Since we may be about to lose historical search: If someone from this community wanted to build a fast search UI on top of the Slack data (eg sourcing it from Zulip mirror or Clojurians log)- would that be ok? Do they need to to be preapproved?
Given the policy we got consensus on wrt reusing all these logs for AI training data, I think that would be a preapproved effort
For those who are interested in either improving or verifying the completeness of existing Clojurians archives, I did a little research on this for another workspace recently and I figured I’d leave some helpful links: • Slack has an export feature available to admins that could be used to backfill, verify, or bootstrap an archive, https://slack.com/help/articles/201658943-Export-your-workspace-data.
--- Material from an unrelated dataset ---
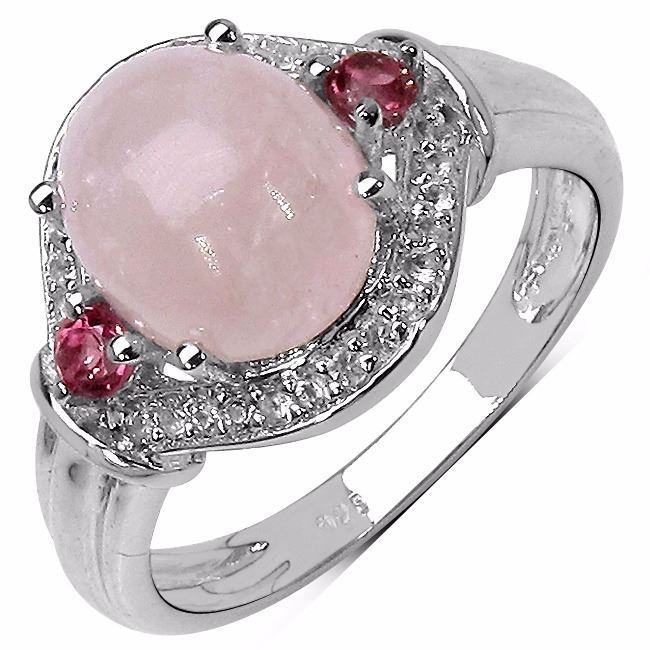 Gemstone Description: Morganite Cabochon Oval 10x8mm - 1Pc + Rhodolite Round 2.50mm - 2Pcs + White Topaz Round 1.00mm - 28Pcs

It includes all messages and links to files from public channels. • There’s also https://github.com/rusq/slackdump, an active open-source project that makes tools for archiving slack workspaces. It includes all public messages and channels, emojis, users, and can be configured to also download all attachments. In its readme, it also has links to some viewer programs that will read its dump format. It does not require admin access, only an API key, though it can only archive DMs the calling user was involved in. My 2c: I think it makes more sense to rely on a well-maintained public project to archive activity in a workspace than to maintain a custom impl. If I had the bandwidth to maintain a Clojurians archive, I would probably do the following: 1. Decide I’m going to build a new archiver based on slackdump. It’s well-maintained and less likely to change/disappear than the built-in export feature. 2. Run slackdump now before the workspace’s pro license expires 3. Set up slackdump to run automatically somewhere on a regular interval. There’s a script in the repo’s contrib/ for fetching changes since the last run. 4. Investigate existing viewers for the dump format, and either pick, fork, or build one depending on what that investigation yields.
I would just leave it zipped up - you can split the file into several sub 100 MB chunks to upload it somewhere and those that need the file can reassemble it after they download the chunks. Uploading the individual files will take much longer and much more space.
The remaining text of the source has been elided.